We meet in Makars’ Court, just outside the Writers’ Museum. Set into the flagstones of the courtyard are quotations by famous Edinburgh authors. Muriel Spark’s is “The Transfiguration of the Commonplace” – pretty much the theme of any walk through the city at the moment.

“I’m seeing Edinburgh differently,” Rankin says. “It’s like being a tourist and seeing it for the first time. Walk up to the Castle Esplanade and there’s nobody there; look over the ramparts towards Princes Street and there’s no traffic – I feel a sense of awe that I had lost.”

He leads the way up the Miss Jean Brodie Steps, which connect the Grassmarket with Lauriston Place. One of the best views of the castle, he promises, is from this pathway.
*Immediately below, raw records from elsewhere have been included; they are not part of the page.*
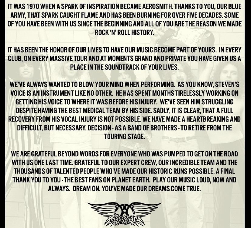 La legendaria banda de rock estadounidense Aerosmith ha anunciado la cancelación definitiva de su gira “Peace out Tour” por los problemas vocales de su líder Steven Tyler, según anunciaron en un mensaje en su Instagram oficial.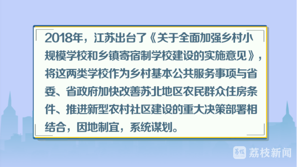 2018年,江苏出台了《关于全面加强乡村小规模学校和乡镇寄宿制学校建设的实施意见》,将这两类学校作为乡村基本公共服务事项与省委、省政府加快改善苏北地区农民群众住房条件、推进新型农村社区建设的重大决策部署相结合,因地制宜,系统谋划。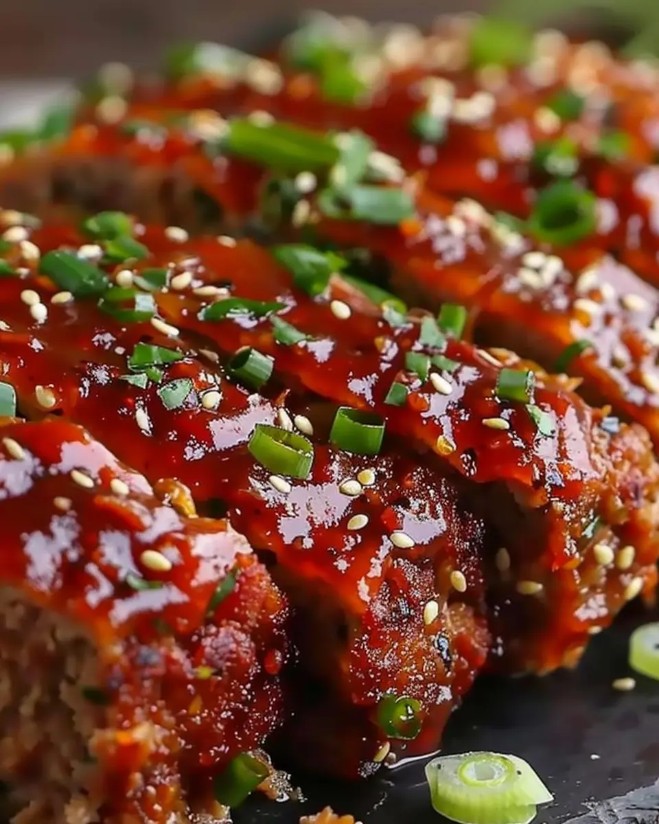 A savory and unique meatloaf recipe inspired by Korean flavors, featuring turkey bacon and chicken ham for a delicious twist.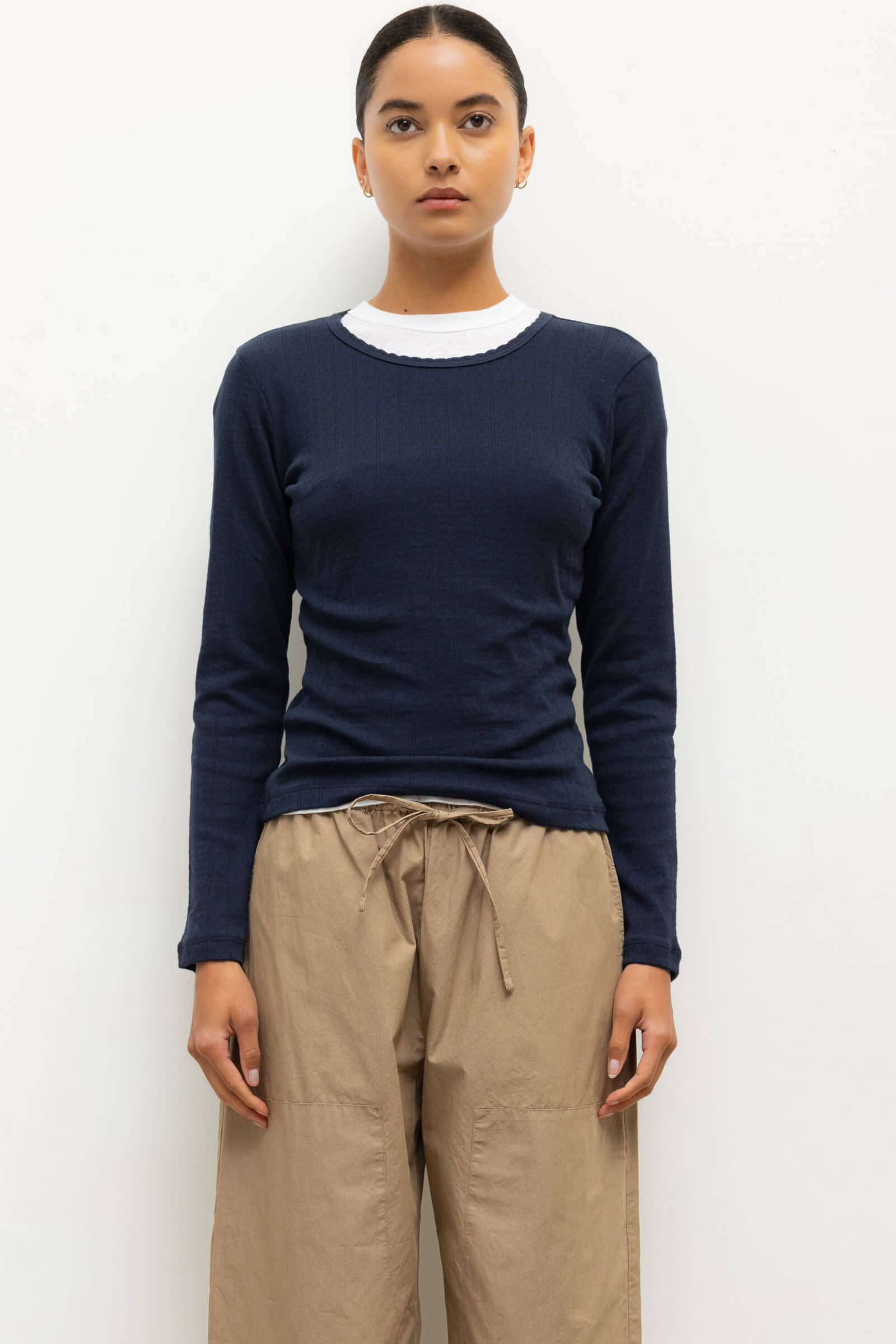 Cut in our nostalgic Pointelle Cotton, The Pointelle Slim Fit Long Sleeve features a classic crew neckline with our signature pinhole stripes, dainty eyelets, and scalloped edging. Full length with fitted long sleeves.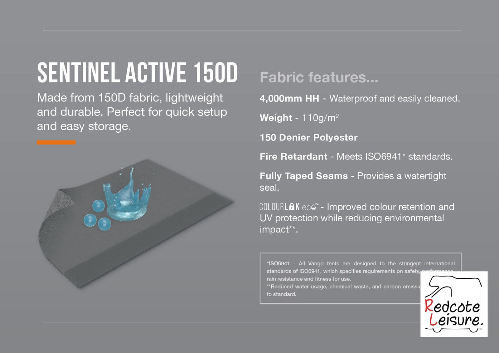 • Lightweight, durable and waterproof. 150D fabric with an HH rating of 4,000MM. Benefits from ColourLok Eco technology to aid colour retention.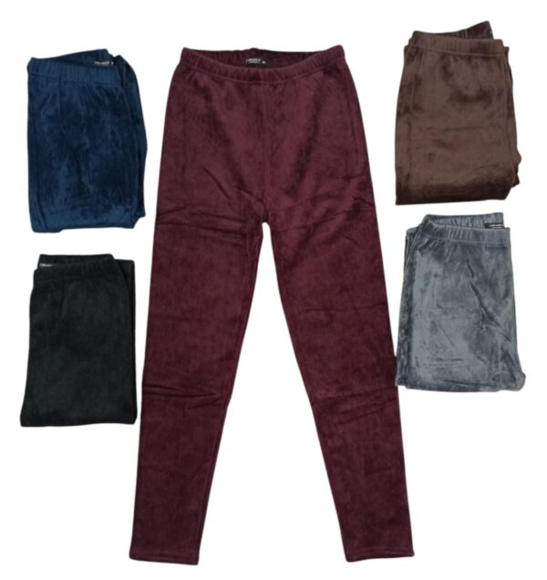 Pantaloni elasticizzati donna in morbida ciniglia.Si presentano a tinta unita con elastico in vita.Modello skinni.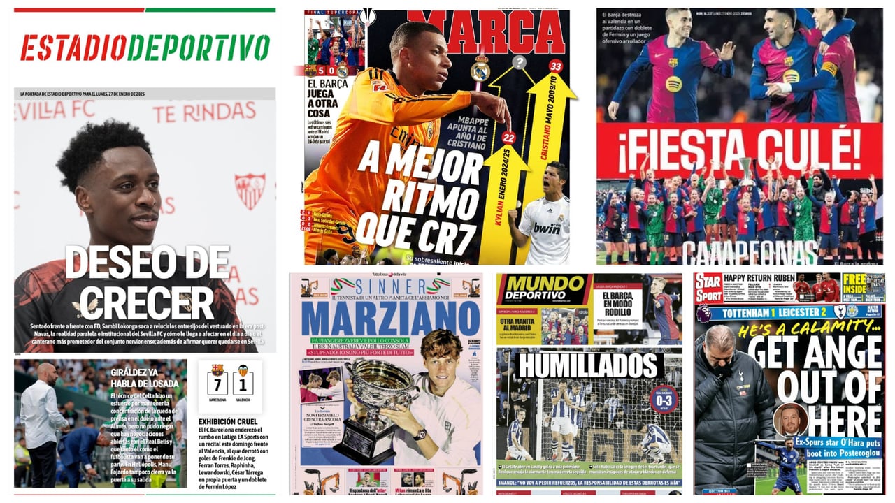 El deseo de Lokonga, salida de Iker Losada, Sinner, Mbappé, fiesta, humillación, vergüenza... portadas del lunes 27 de enero 2025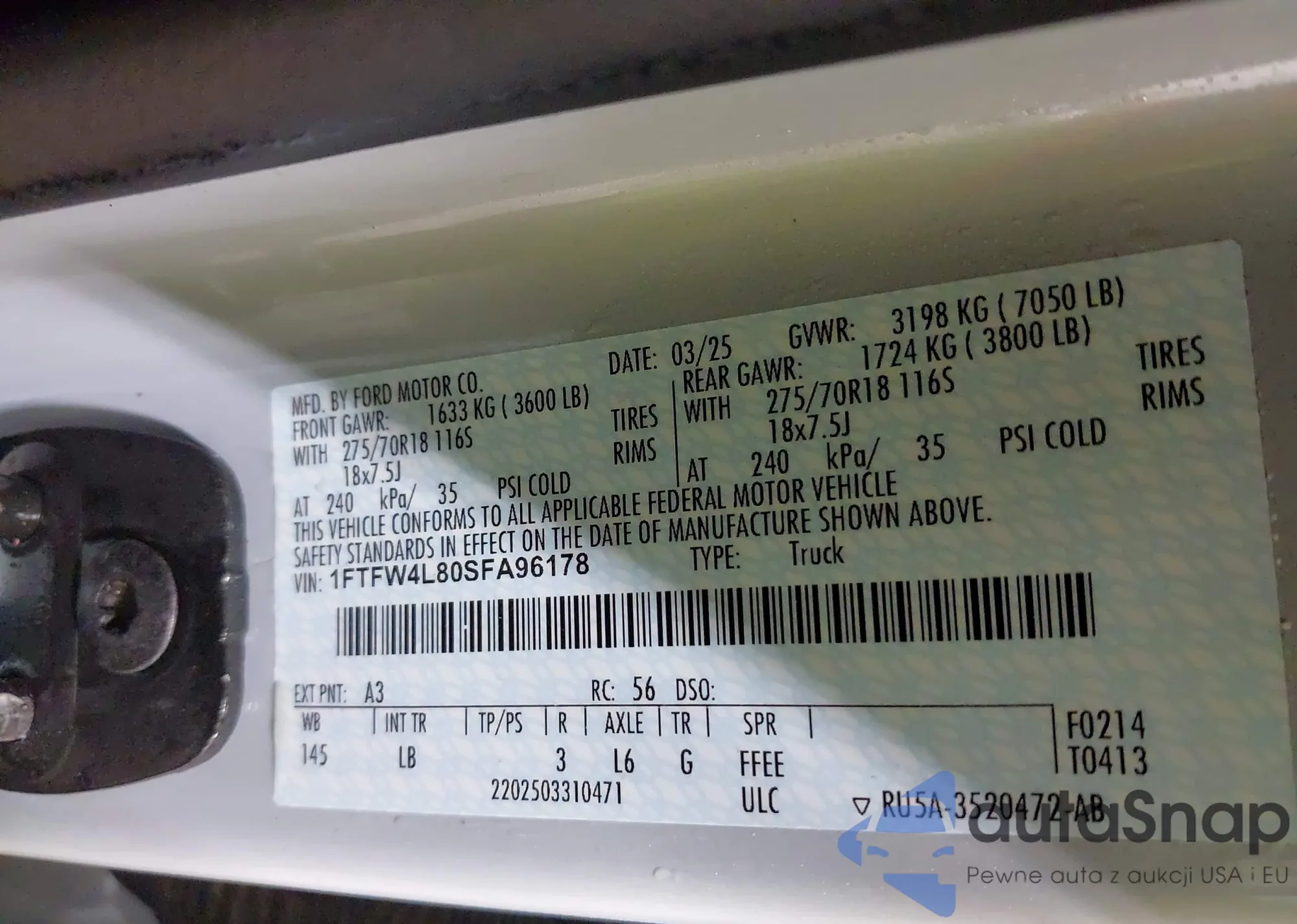 LOT: 43524151 VIN: 1FTFW4L80SFA96178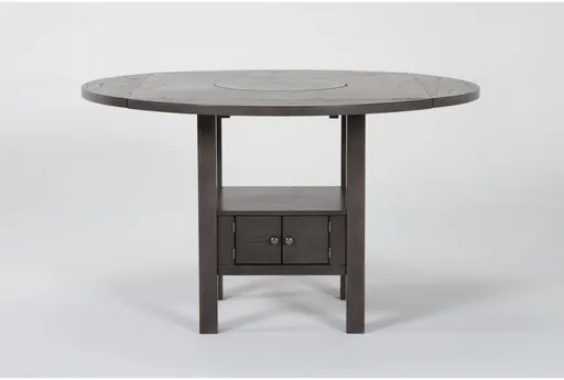Enhance your dining room or kitchen with the Adonis Grey Wood 60" Square to Round Drop Leaf Counter Height Table. This medium grey wood table combines style and functionality with its versatile round to square shape and convenient storage options. The drop leaf design allows you to easily adjust the table size to fit your needs, making it perfect for both intimate gatherings and larger meals.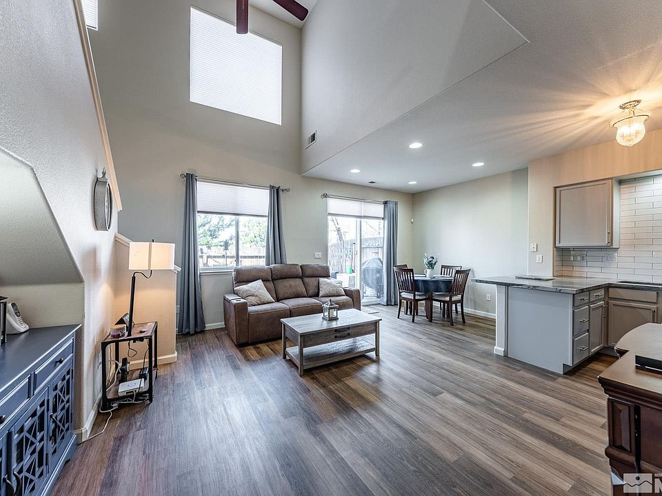This beautiful townhome boasts an unparalleled level of sophistication with its fully modernized and updated kitchen, completed just 18 months ago. The main level exudes comfort with newly installed quality flooring and freshly painted walls, while the incredible ceiling height affords an abundance of natural light to pour in, creating a relaxed ambiance. And delight in the recently constructed patio accessible through the back sliding door, inviting you to relish in the fresh air from the outdoors.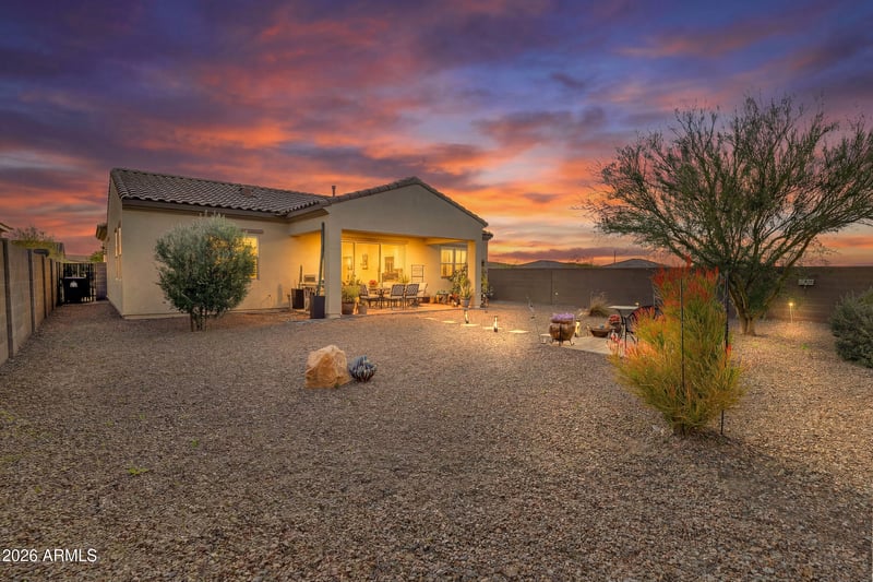 Listing details for 18062 Tanglewood Dr, Goodyear, AZ 85338 : Welcome to Cantamia at Estrella, where every day feels more relaxed and enjoyable. Located on a private corner lot at the end of a cul de sac, this upgraded Taylor Morrison Octave floor plan offers exceptional privacy with no direct back neighbors and a peaceful setting. The home features 2 bedrooms plus a dedicated office, 10 foot ceilings, shutters throughout, ADA height counters, a walk in shower with grab bars, and a built in credenza. The kitchen offers extended cabinetry, under cabinet lighting, RO system, water softener, and ample storage. Additional highlights include a 2-car garage, laundry cabinetry, tankless water heater, gas line to BBQ, power to side gate, holiday outlet, Ring doorbell, and front load washer and dryer conveying. Enjoy Cantamia's resort lifestyle ! Cantamia at Estrella is a premier 55 plus community designed for active living, connection, and everyday enjoyment. Residents enjoy a resort style village center featuring indoor and outdoor pools, spa, fitness center, movement studios, and a full calendar of wellness classes. The community offers pickleball and tennis courts, bocce ball, walking and biking trails, lakes, dog parks, and beautifully maintained common areas. Social opportunities include clubs, interest groups, arts and crafts, games, live music, special events, and organized activities throughout the year. On site dining and gathering spaces create an easy way to connect with friends and neighbors. Cantamia offers a lifestyle focused on staying active, social, and engaged while enjoying the comfort and ease of low maintenance living in a beautifully planned setting.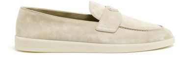 Prada's Shoes presents a chic pull-on design, effortlessly blending style and comfort. The closed silhouette features a round toe, ensuring a sleek profile. Adorned with the iconic triangle logo, these shoes embody sophistication, making them a perfect choice for those who appreciate refined elegance in every step they take.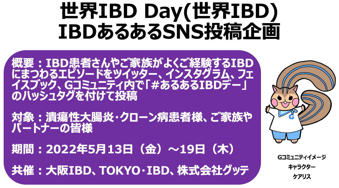 潰瘍性大腸炎・クローン病等の炎症性腸疾患(Inflammatory Bowel Disease:IBD)オンライン患者コミュニティ「Gコミュニティ」を運営する株式会社グッテ(所在地:東京都千代田区、代表取締役:宮﨑拓郎、以下「グッテ」、旧名:株式会社ジーケア)は大阪府で活動を行っているIBD患者会「大阪IBD」、東京都で活動を行っているIBD患者会「TOKYO・IBD」とともに世界IBDデー(IBDを理解する日)に合わせて、IBD患者さんやご家族がよくご経験されるIBDにまつわるエピソードをSNSで発信する「IBDあるあるSNS投稿企画」を開催することをお知らせいたします。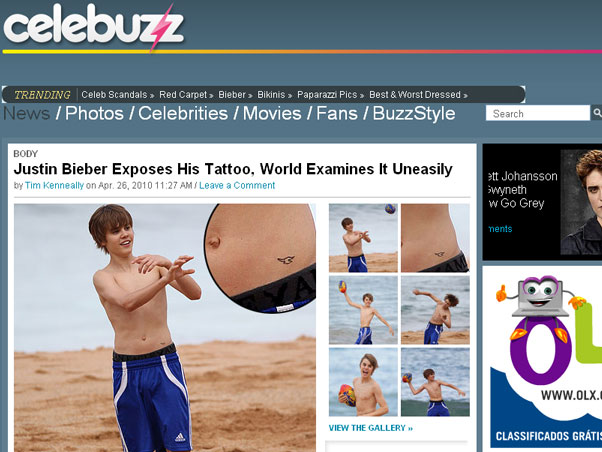 O site "Celebuzz" também revelou na segunda-feira, 26, uma detalhe sobre a vida de Justin Bieber que poucos conheciam: ele tem uma tatuagem! O fenômeno pop, de 16 anos, foi fotografado sem camisa em uma praia da Austrália no último sábado, 14, deixando à mostra um pequeno desenho do contorno de um pássaro que tem na barriga.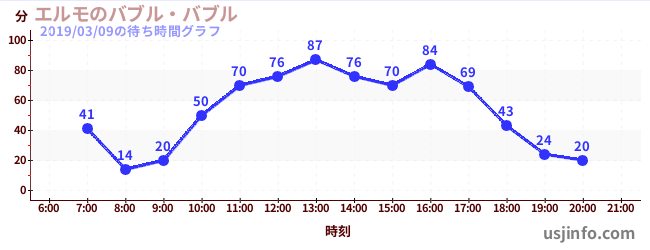 • エルモのバブル・バブル$B$N(B2019年03月09日の待ち時間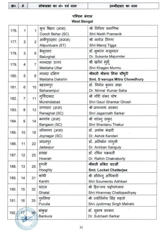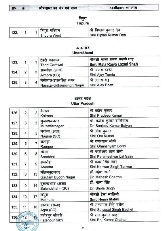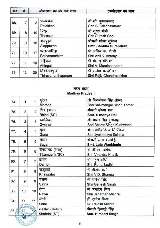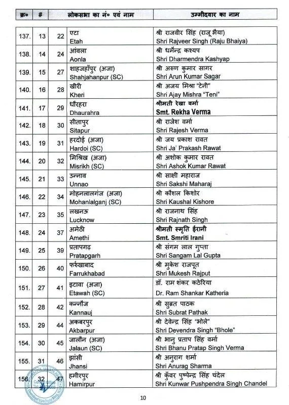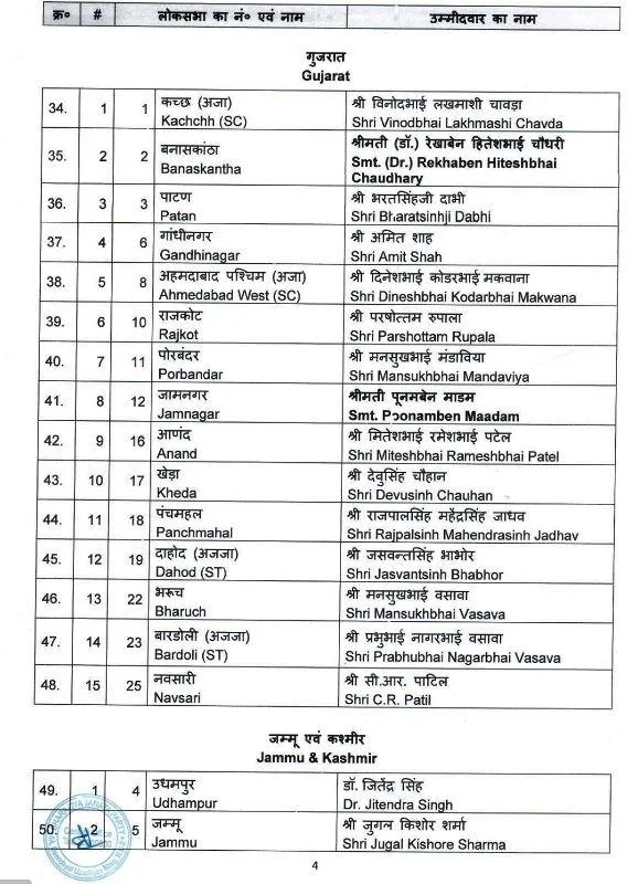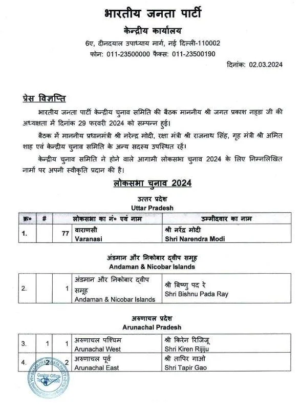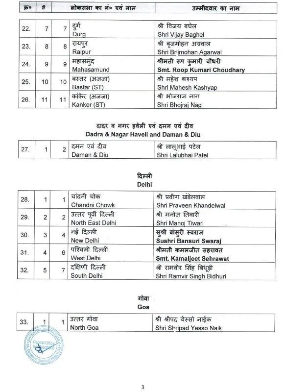 देश की 195 लोकसभा सीट और भाजपा प्रत्याशियों की सूची

He’s right: it’s magnificent. Edinburgh folk are to be admired for their refusal to become jaded about the citadel in their midst. The trick is to develop a favourite perspective of one’s own – glimpsing it, for instance, from the top deck of a certain bus cresting a certain rise at a certain golden hour. “The person who is tired of Edinburgh,” Rankin smiles, paraphrasing Dr Johnson, “is tired of life.”

Some 525,000 people live in Edinburgh. More than four million visit “Edinburgh” each year. The two cities – one real, one conjured – are imperfectly overlaid, causing chafing, friction, irritation. Edinburgh has been named one of the world’s worst overtourism hotspots. In August, in normal times, the historic centre becomes uncomfortably crowded, locals grumble about “festivalisation”, and express frustration that the city is not run for its citizens. No one would have wished for a health crisis to crash the money machine, but this is an opportunity to see the place clearly in a way that hasn’t been possible for years. It is a chance for Edinburgh and Edinburghers to renew their vows.

Robin Mitchell runs Cadies & Witchery Tours. This will be the first summer since 1985 that he won’t be leading walking groups to scenes of reputed hauntings and historic gruesomeness. While acknowledging the disaster for the Edinburgh and Scottish economy, he is looking forward to a calmer August: “The city is taking a deep breath, and it may not be a bad thing if tourism comes back on a smaller scale.”

He has been spending these strange, slow days in Greyfriars Kirkyard. Usually, this ancient churchyard is very busy. It is on the Harry Potter pilgrimage trail (JK Rowling is said to have named characters after people buried here) and is the focus of one of Edinburgh’s best-loved stories: that of Greyfriars Bobby, the faithful terrier who slept on his master’s grave. Tourists had taken to rubbing – for luck – the nose of the statue of Bobby, but this tradition has, of late, gone into steep decline. Nobody wants to catch Covid-19 from a wee bronze dug.

Without the crowds, and with a new delicious loneliness, Greyfriars is revealed as extraordinary: soot-stained stones hoaching with skulls, beasts, screaming demons. If you have a taste for the gothic, if you are a goth with taste, this is the place for you.

We take a turn among the tombs then walk back out on to the empty streets. Here is Edinburgh as she has not been seen for decades. No fireworks or fire-eaters, no stag dos or silent discos – just a beautiful old town and the people who love her best.

“This is an absolute gift,” Mitchell says. “We’re experiencing something we may never experience again.”